■ **Requirement**
Take nothing but the lines from the one with "科巢婴儿遮阳帽夏季薄款防晒渔夫可调节宝宝盆帽春秋外出太阳帽子" through the one with "Celebrate the arrival" in the entries below, both ends kept, and return them exactly with pictures left out.

■ **Material to process**
────────────────────
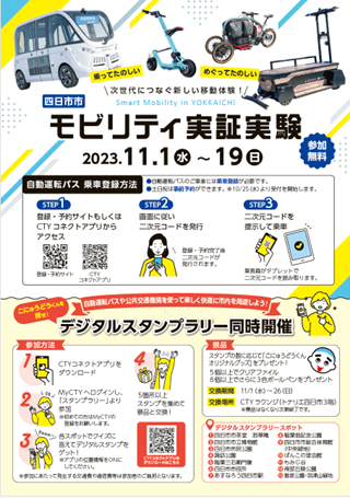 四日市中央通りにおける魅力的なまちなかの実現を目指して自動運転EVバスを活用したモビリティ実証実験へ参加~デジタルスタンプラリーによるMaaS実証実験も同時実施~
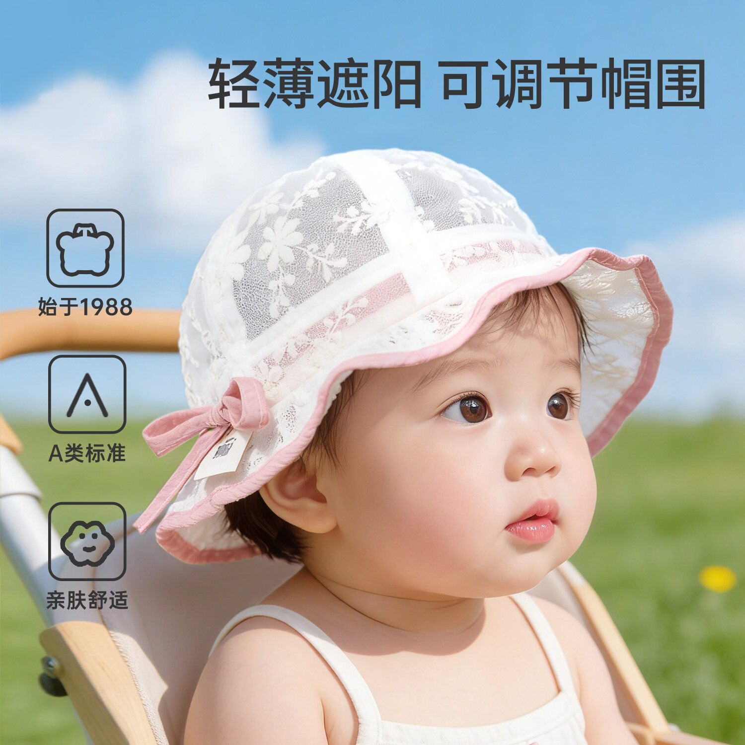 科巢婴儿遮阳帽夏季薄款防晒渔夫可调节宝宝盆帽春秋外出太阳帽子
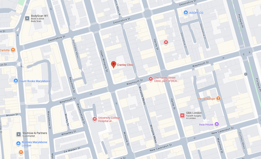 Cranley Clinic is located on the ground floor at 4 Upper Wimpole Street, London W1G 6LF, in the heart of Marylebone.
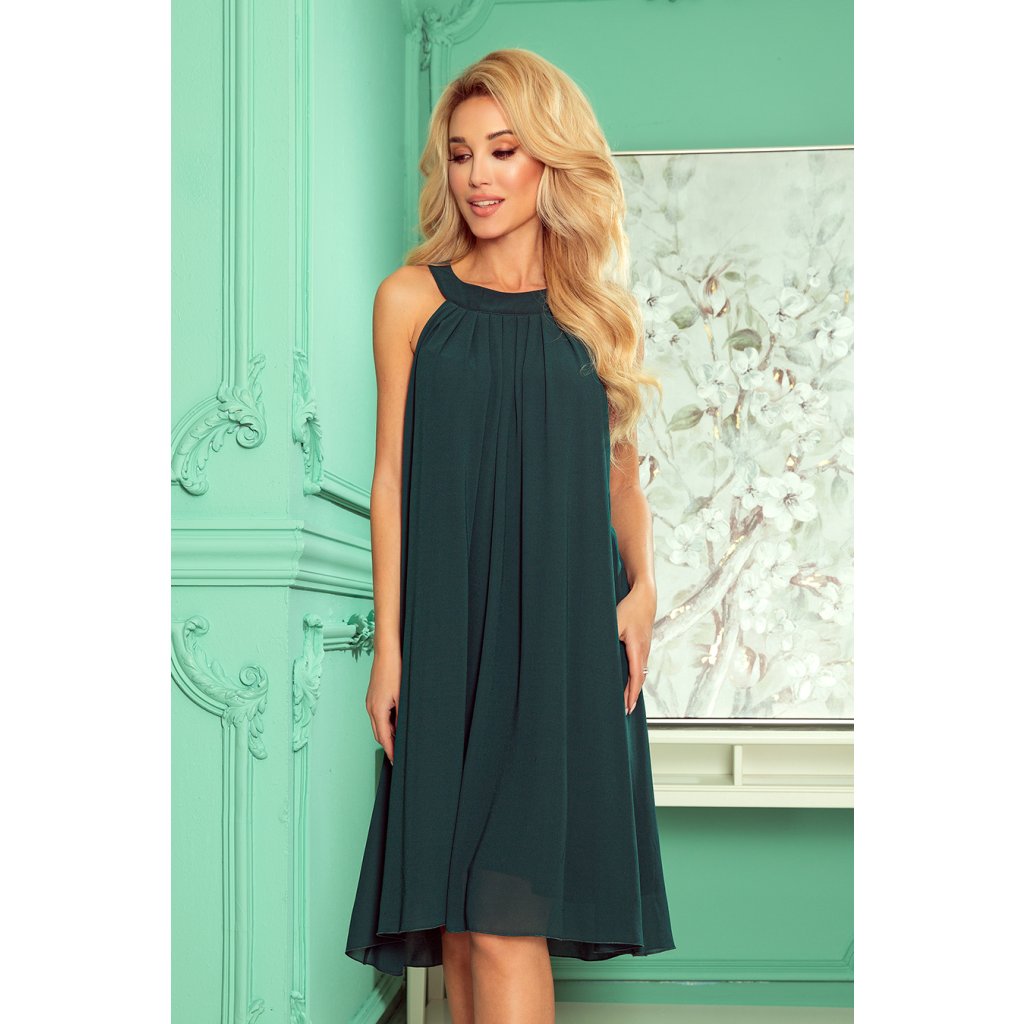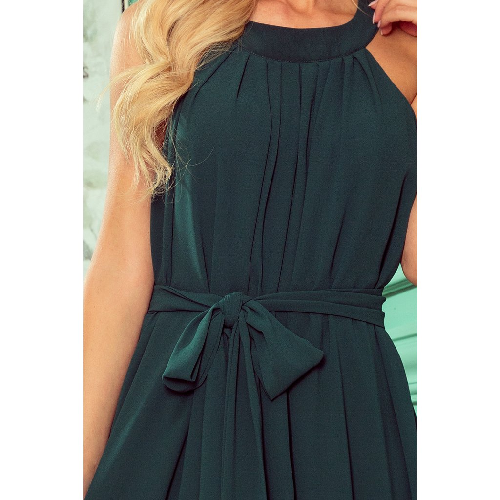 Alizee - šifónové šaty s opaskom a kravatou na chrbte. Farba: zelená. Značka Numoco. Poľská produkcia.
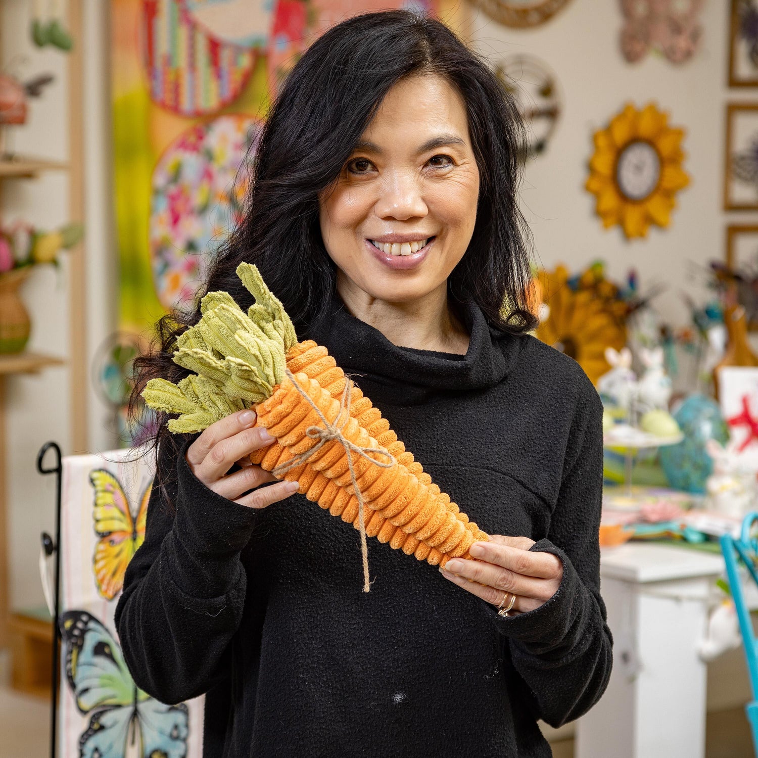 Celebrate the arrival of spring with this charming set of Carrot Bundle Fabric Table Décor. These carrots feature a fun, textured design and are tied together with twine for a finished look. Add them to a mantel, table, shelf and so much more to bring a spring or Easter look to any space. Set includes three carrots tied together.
────────────────────
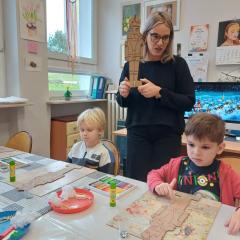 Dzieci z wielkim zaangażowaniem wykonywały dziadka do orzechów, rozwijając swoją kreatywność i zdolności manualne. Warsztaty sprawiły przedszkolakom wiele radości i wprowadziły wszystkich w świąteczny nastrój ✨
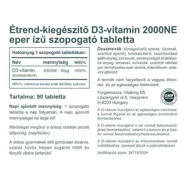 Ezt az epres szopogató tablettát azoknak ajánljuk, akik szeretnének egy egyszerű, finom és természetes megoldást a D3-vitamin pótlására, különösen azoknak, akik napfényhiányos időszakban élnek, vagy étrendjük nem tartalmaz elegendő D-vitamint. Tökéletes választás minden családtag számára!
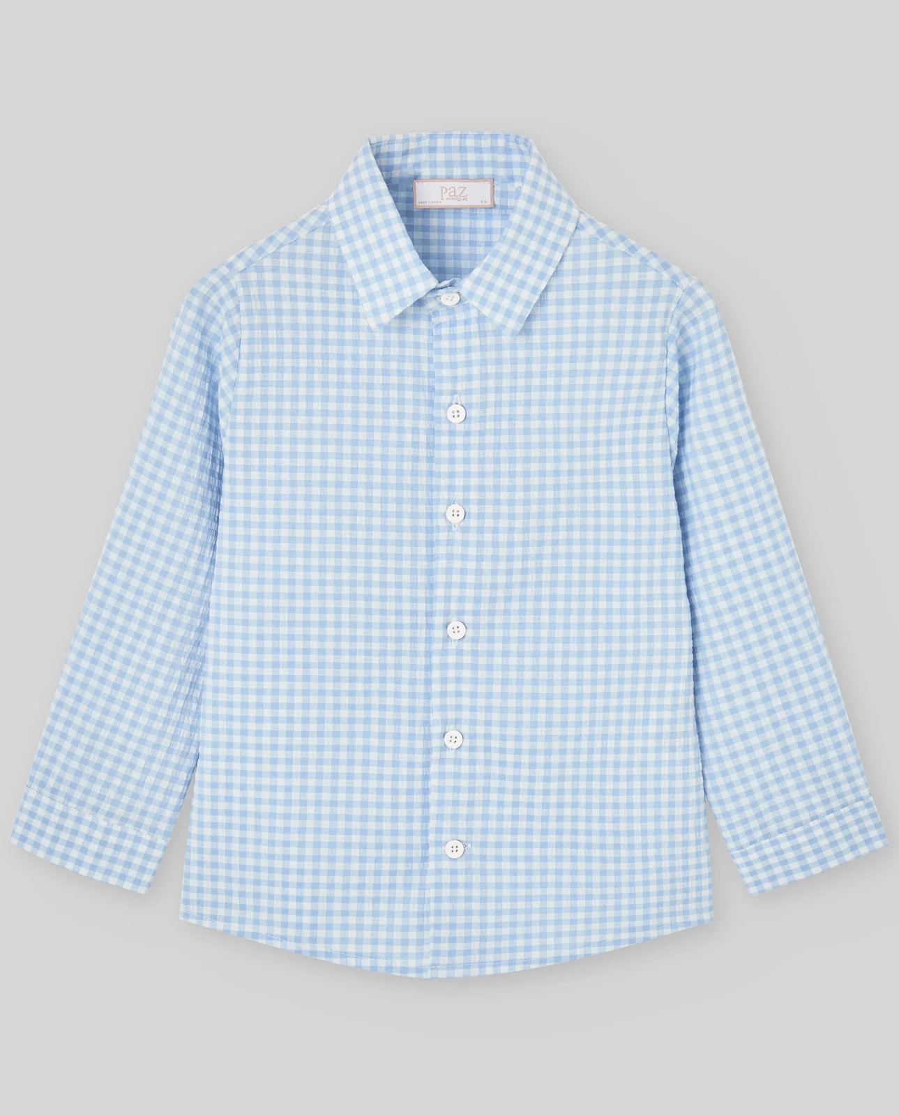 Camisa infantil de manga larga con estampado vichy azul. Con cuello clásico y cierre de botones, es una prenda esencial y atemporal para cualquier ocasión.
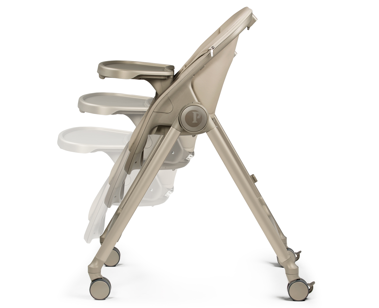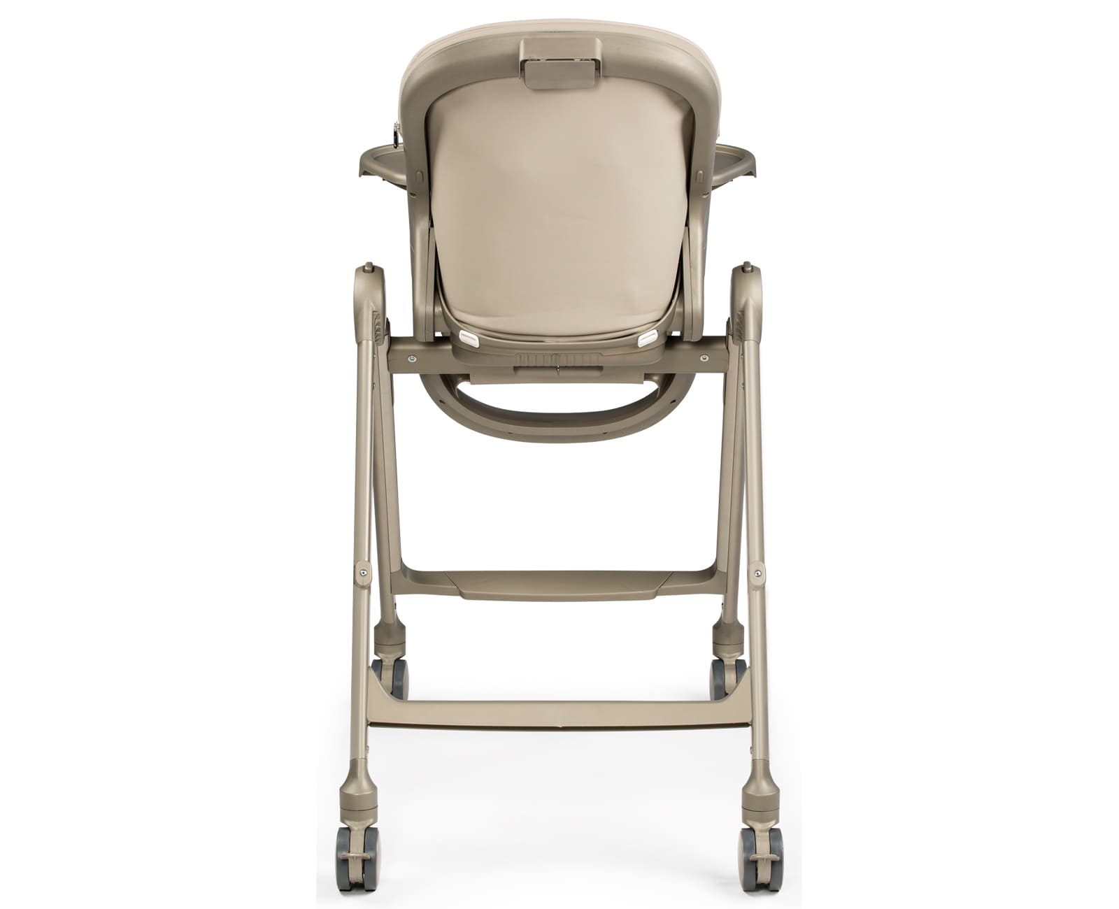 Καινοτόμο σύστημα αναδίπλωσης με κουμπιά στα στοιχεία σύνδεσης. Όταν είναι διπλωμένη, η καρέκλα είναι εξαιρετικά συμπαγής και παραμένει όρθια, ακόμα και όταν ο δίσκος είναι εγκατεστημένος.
────────────────────
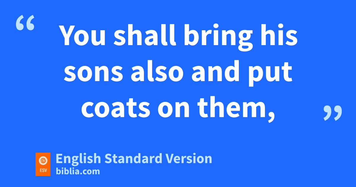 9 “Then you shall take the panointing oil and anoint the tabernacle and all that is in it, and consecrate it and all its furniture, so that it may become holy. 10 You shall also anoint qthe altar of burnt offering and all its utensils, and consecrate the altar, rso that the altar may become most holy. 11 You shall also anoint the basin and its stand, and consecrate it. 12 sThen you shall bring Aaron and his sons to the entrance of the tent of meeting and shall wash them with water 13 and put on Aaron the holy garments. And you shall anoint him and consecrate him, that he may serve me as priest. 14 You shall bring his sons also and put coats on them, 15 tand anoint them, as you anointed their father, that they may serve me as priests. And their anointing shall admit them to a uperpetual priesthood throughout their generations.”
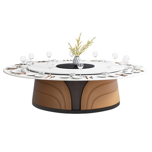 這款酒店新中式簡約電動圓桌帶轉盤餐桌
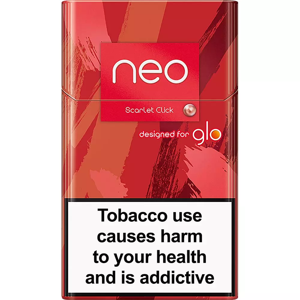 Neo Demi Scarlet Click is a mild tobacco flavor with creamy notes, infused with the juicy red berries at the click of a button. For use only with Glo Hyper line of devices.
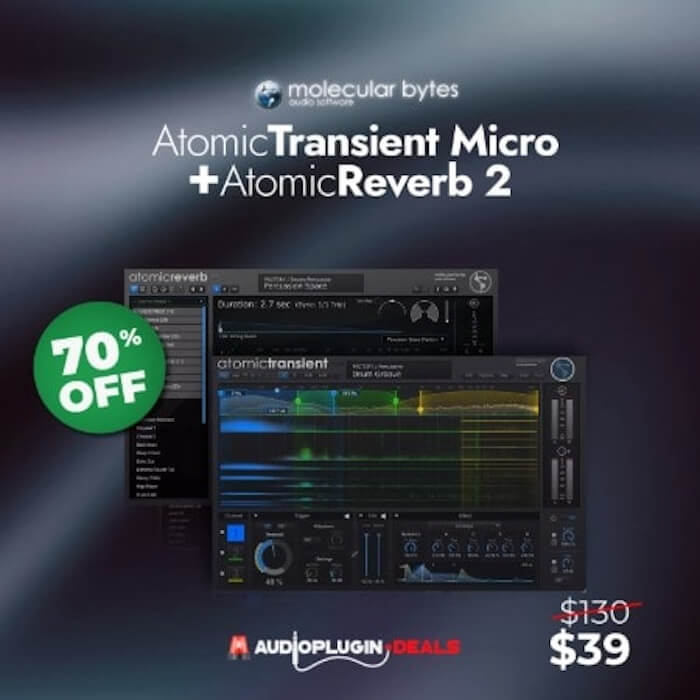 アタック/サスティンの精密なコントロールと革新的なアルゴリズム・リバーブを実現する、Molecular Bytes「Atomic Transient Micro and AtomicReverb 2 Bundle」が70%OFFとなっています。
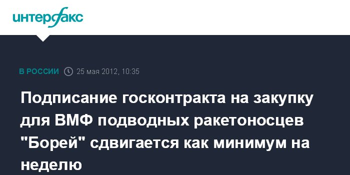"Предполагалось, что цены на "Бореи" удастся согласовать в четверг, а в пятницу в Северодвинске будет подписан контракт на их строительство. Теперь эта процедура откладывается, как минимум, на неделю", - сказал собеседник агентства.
────────────────────
■ **Answer below**
 科巢婴儿遮阳帽夏季薄款防晒渔夫可调节宝宝盆帽春秋外出太阳帽子
 Cranley Clinic is located on the ground floor at 4 Upper Wimpole Street, London W1G 6LF, in the heart of Marylebone.
 Alizee - šifónové šaty s opaskom a kravatou na chrbte. Farba: zelená. Značka Numoco. Poľská produkcia.
 Celebrate the arrival of spring with this charming set of Carrot Bundle Fabric Table Décor. These carrots feature a fun, textured design and are tied together with twine for a finished look. Add them to a mantel, table, shelf and so much more to bring a spring or Easter look to any space. Set includes three carrots tied together.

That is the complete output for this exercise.